Detect specific pattern regex python-CodePudding

I want to find all the occurrences of an specific term (and its variations) in a word document.

Extracted the text from the word document
Try to find pattern via regex

The pattern consists of words that start with DOC- and after the - there are 9 digits.

I have tried the following without success:

document variable is the extracted text with the following function:

import docx

def getText(filename):
    doc = docx.Document(filename)
    fullText = []
    for para in doc.paragraphs:
        fullText.append(para.text)
    return '\n'.join(fullText)

pattern = re.compile('^DOC.\d{9}$')
pattern.findall(document)

pattern.findall(document)

Can someone help me?

Thanks in advance

CodePudding user response：

You can use a combinbation of word and numeric right-hand boundaries.

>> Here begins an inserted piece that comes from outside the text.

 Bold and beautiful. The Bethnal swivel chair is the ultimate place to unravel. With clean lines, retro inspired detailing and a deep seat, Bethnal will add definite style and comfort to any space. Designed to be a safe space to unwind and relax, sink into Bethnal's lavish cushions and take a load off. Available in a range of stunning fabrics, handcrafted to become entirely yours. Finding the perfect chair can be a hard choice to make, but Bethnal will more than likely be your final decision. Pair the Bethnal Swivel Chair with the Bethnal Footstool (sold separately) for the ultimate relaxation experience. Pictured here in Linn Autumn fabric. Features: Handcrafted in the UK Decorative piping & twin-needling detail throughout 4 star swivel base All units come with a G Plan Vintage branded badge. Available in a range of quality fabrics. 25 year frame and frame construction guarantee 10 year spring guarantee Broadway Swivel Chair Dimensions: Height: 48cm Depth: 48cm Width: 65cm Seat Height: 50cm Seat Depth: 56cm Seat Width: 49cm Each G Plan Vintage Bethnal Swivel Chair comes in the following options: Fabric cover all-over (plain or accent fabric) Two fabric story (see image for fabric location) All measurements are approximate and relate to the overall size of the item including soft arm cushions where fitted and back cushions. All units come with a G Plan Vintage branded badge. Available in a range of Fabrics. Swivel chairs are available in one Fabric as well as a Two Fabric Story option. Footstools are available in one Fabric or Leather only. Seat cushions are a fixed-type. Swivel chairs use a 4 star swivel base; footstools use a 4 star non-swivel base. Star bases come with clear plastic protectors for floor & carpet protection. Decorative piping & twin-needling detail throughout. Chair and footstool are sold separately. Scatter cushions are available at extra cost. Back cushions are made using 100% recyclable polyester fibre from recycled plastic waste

Also, you say there must be a dash after DOC, but you use a . in the pattern. I believe you wanted to also match any en- or em-dash, so I'd suggest to use a more precise pattern, like [-–—]. Note there are other ways to match any Unicode dash char, see Searching for all Unicode variation of hyphens in Python.

import docx

def getText(filename):
    doc = docx.Document(filename)
    fullText = []
    for para in doc.paragraphs:
        fullText.append(para.text)
    return '\n'.join(fullText)

print( re.findall(r'\bDOC[-–—]\d{9}(?!\d)', getText(filename)) )

Details:

\b - a word boundary
DOC - DOC substring
[-–—] - a dash symbol (hyphen, en- or em-dash)
\d{9} - nine digits
(?!\d) - immediately to the right of the current location, there must be no digit.